2.7.13

10 Life Lessons Learned From Fiona Apple's 'Idler Wheel...'




WORDS BY ELIZABETH BARKER, IMAGE BY JEN MAY

The Idler Wheel is Wiser Than the Driver of the Screw and Whipping Cords Will Serve You More Than Ropes Will Ever Do by Fiona Apple came out at the end of June 2012. These are ten things it's helped teach me over the last year:  

i. Anxiety-free sleeplessness is the province of the adolescent and/or extraordinary. There's a good chance you've read all the interviews where Fiona Apple talks about how she doesn't sleep. Why doesn't she get a prescription for some goddamn sleeping pills, I wondered after like the third article, but I mostly get it: I'm weird about sleeping pills too. I have insomnia and my brain just bashes right through that Tylenol PM shit but I'm scared of the real stuff, Ambien or whatever. I'm a big baby about pills, medications, drugs in general.
        I think Fiona Apple's insomnia sounds pretty romantic, though. I like how she gets up and walks around in the night, I like that thing about her walking around Manhattan at five in the morning in the New York feature. I have sleep-maintenance insomnia (the kind where you fall asleep fairly easily but have a hard time staying asleep), and when I wake up I usually just lie there and wait for sleep to come back. And unless there's something exceptionally cool and wonderful going on in my life at the moment, that waiting is usually taken up by the worst and most anxiety-producing thoughts I can dredge up, which I understand to be typical of insomniacs. There is really nothing romantic about it for me.
       When I was a teenager I loved waking up in the middle of the night. I'd listen to CDs and make up stories in my head and never had much to worry about, since I was a child. It doesn't seem likely that insomnia will ever be lovely like that again, but I'm hopeful that it could become something a lot less lousy than what it is now. I have some idea that the more extraordinary your life is, the less awful your insomnia feels, because there's more freedom to how you live your days and thus less pressure to find your way back to sleep. That might be total nonsense, but two nights ago I had insomnia and after an hour of watching the ceiling I decided to get up out of bed, hang out on the porch for a bit, read a little, write some things down. It wasn't ideal but it wasn't terrible, and after another hour I fell back asleep, and slept for hours and hours, and woke up feeling good.
       At the moment my only other solution is to feel smug about my insomnia, and take some weird pride in the fact that sometimes I sleep like hell. Most of my favorite people are insomniacs and I'm happy to align myself with them. And I'm curious as to whether there are people who actually enjoy their insomnia, who feel like they get something good out of it. I want to start collecting people's "beneficent insomnia" stories and put them together in a tiny book, like a storybook, to keep beside your bed and read in the middle of the night.

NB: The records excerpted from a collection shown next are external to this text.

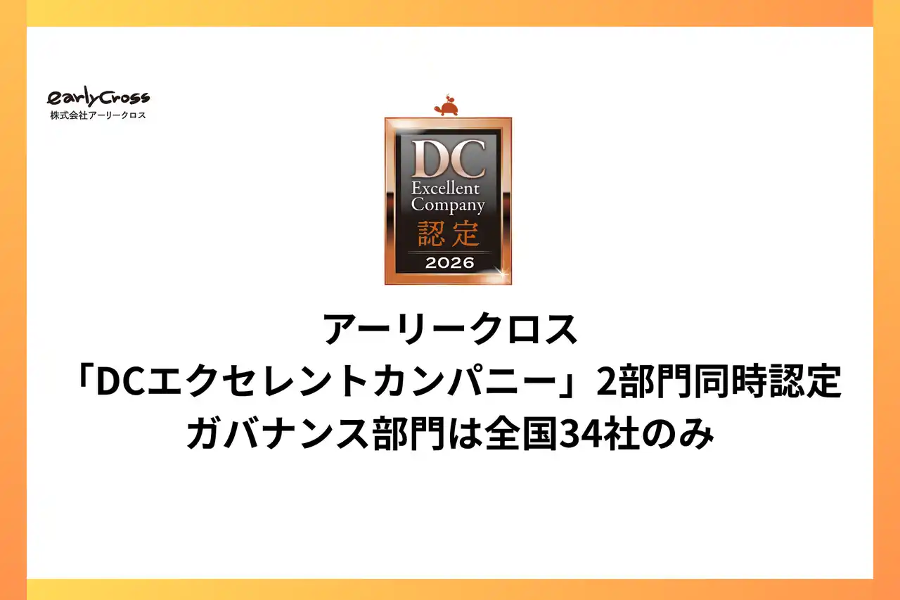 企業型DCの導入から金融教育までを支援する株式会社アーリークロス(本社:福岡県福岡市、代表取締役:花城正也、以下「アーリークロス」)は、NPO法人確定拠出年金教育協会(NPO法人DC・iDeCo協会)が主催する「2026年度 DCエクセレントカンパニー」において、継続教育部門およびガバナンス部門の2部門同時認定を取得しました。ガバナンス部門の認定企業は、全国でわずか34社です。 |
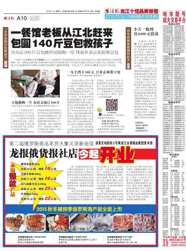 一餐馆老板从江北赶来包圆140斤豆包救孩子
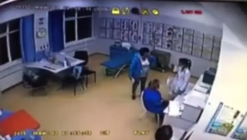 На видеозаписи видно, как сотрудники медучреждения заполняют какие-то бумаги. Затем к ним подходит недовольная посетительница, примерно 40 лет, и резким движением раскидывает бумаги на столе. После женщина подошла к врачу и ударила ее. Судя по дате на видеозаписи, она была снята в мае этого года.
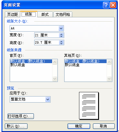 由于各人使用的显示器尺寸不同及画幅调整的习惯不同,因此在此无法给出一个固定的数据。请先将显示器的画幅调整妥当,以能够最大限度地显示出完整的全屏幕窗口为准。找一张A4纸,用尺子量下纸张的宽度,要求精确到毫米,因为标称为某种开本的纸张,其实际大小并不一定与标称值相同。然后,新建一个空白文档,单击“视图”菜单,选择“页面”,再单击“文件”菜单,选择“页面设置”,在“页面设置”对话框中将打印设置中的“纸型”设置为与准备的纸张相同的纸型,如在此为A4,再将“纸型”选项卡中的纸张宽度设置为与刚才量好的值完全一致,如图1-1,确定后返回编辑界面。
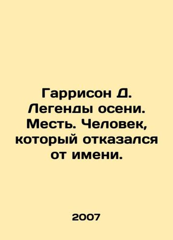 Harrison D. Legends of the Fall. Revenge. The Man Who Refused the Name. In Russian /Garrison D. Legendy oseni. Mest. Chelovek, kotoryy otkazalsya ot imeni. Translated from English by T. Borovikova, V. Golysheva. St. Petersburg. ABC-Classics. 2007. 304 p. We have thousands of titles and often several copies of each title may be available. Please feel free to contact us for a detailed description of the copies available. SKUalb2a71f165c7ec797d.
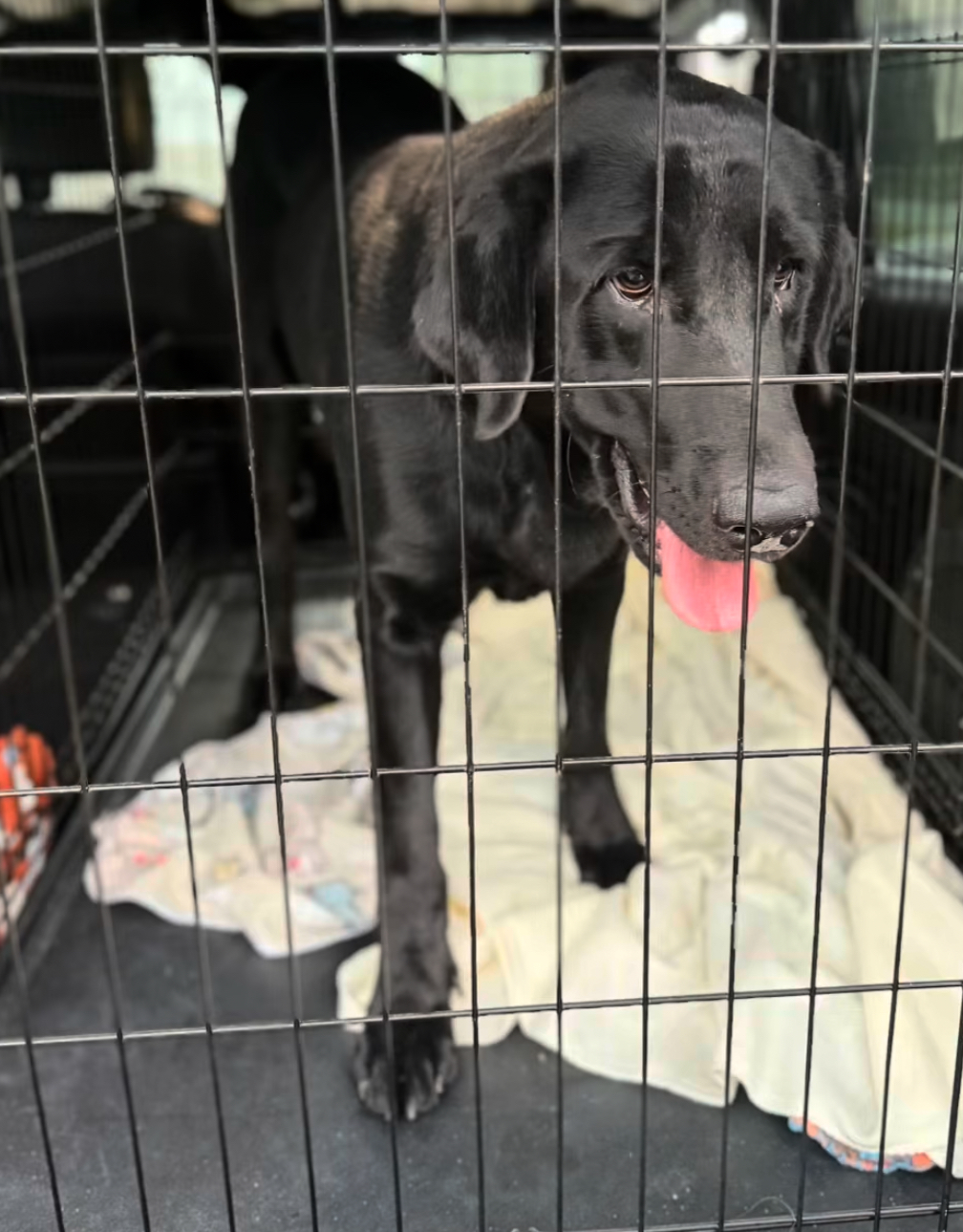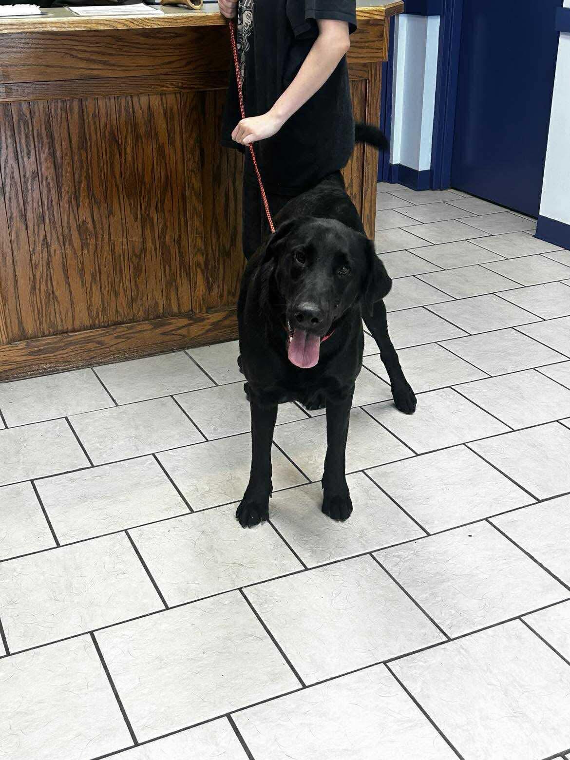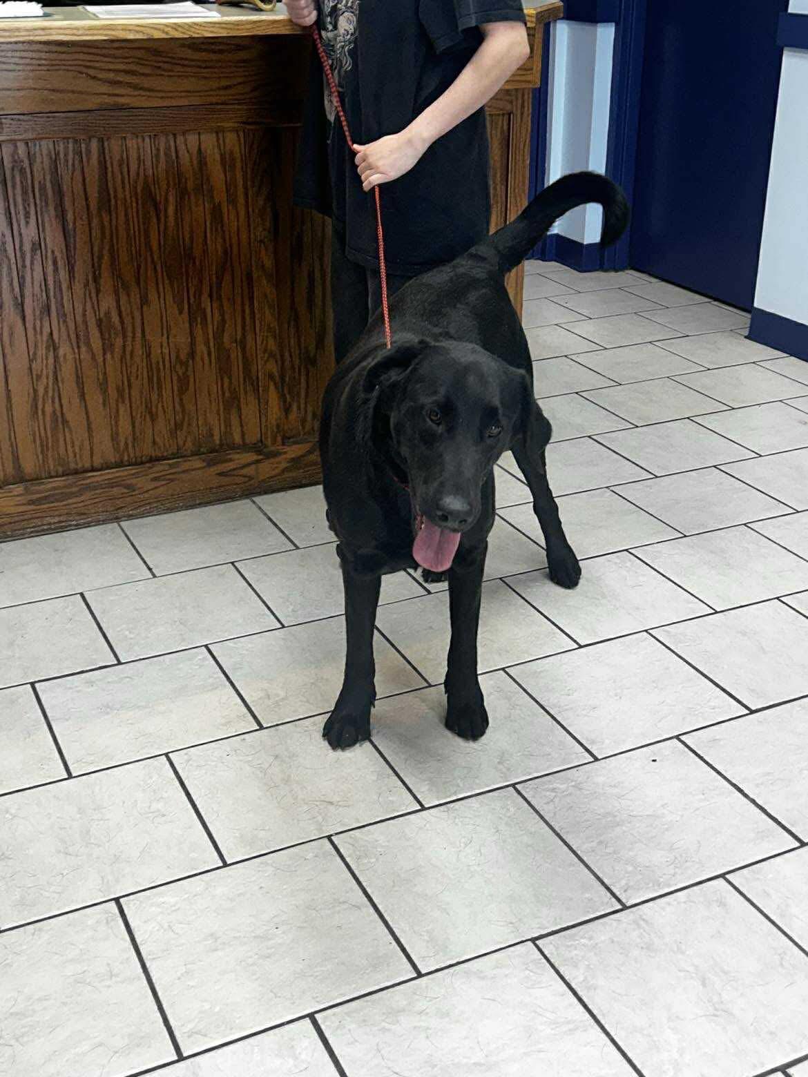 Meet Knight! He is a 105lb black lab that was found as a stray. He was adopted by a family but had to be returned after they became a caretaker for their 98 year old grandmother.
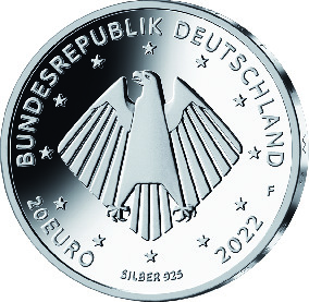 Die Wertseite zeigt einen Adler, den Schriftzug „BUNDESREPUBLIK DEUTSCHLAND“, Wertziffer und Wertbezeichnung, die Jahreszahl „2022“, die zwölf Europasterne sowie das Prägezeichen „F“. Zusätzlich ist die Angabe „SILBER 925“ aufgeprägt.
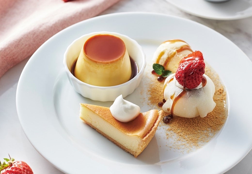 いちごのクリーム大福、バニラアイス、カスタードプリン(ミニ)、デンマーククリームチーズケーキをワンプレートに盛り合わせました。
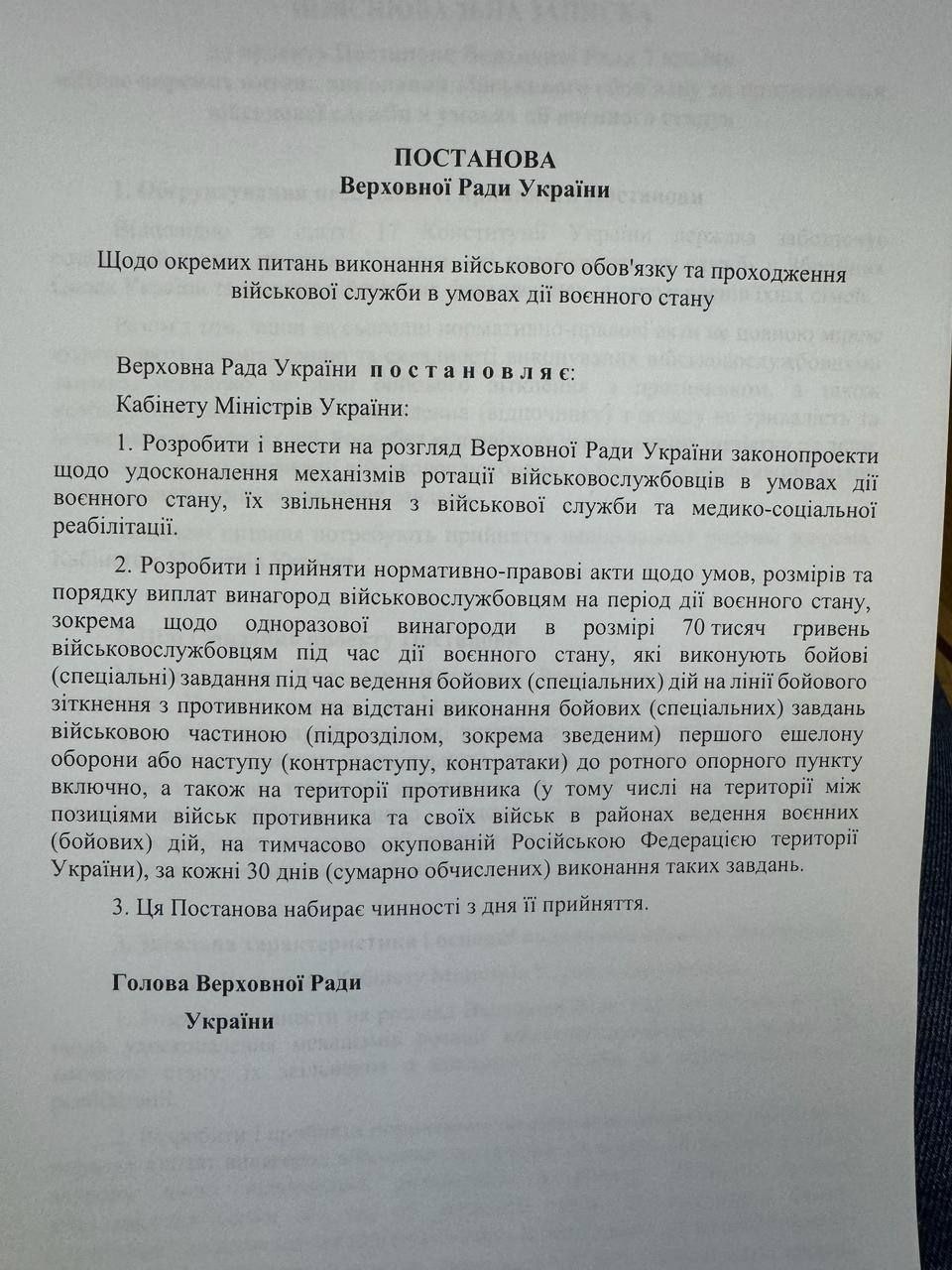 Парламент підтримав постанову, яка зобов'язує уряд виділити додаткову одноразову виплату в 70 тисяч гривень військовим на передовій та розробити законопроєкт про ротацію. Про це у телеграм-каналі повідомив нардеп Ярослав Железняк.

ii. Jack White sings the song of my stupid/amazing heart. Before The Idler Wheel and Blunderbuss came out, I was thinking of writing something about whom I'd rather claim as the voice of my generation: Jack White, or Fiona Apple. I never wrote that post, partly due to the fact that "voices of generations" aren't things I actually believe to exist, and mostly because Blunderbuss didn't connect with me on too deep a level. But I do love the song "Love Interruption," and relate much more to it than I do to "Daredevil" from The Idler Wheel. I lean more toward the "Love Interruption" side of things, of going back and forth between wanting love to ruin me and deeply, compulsively, prohibitively fearing being ruined by love: 


        When Fiona sings "Don't let me ruin me" in "Daredevil," it worries me about as much as that halfway decent Pink song from the early 2000s - which is to say: it doesn't worry me very much at all. I'm pretty aces at self-preservation, and lines like "I don't feel anything until I smash it up" don't hit me too hard. I always catch a thrill from the bridge, though - the "GIMME, GIMME, GIMME what you got in your mind in the middle of the night" part, the way she shouts it like some endearingly psychotic kindergartener. It's such a good line to turn up loud and let smack against your chest and shake your heart, to really feel it and think how that's your truest self singing, even if it freaks you out a little bit. There's a bravery to that sentiment that's missing in Jack White's song, and I like to siphon off Fiona's courage there, for just those eight perfect seconds.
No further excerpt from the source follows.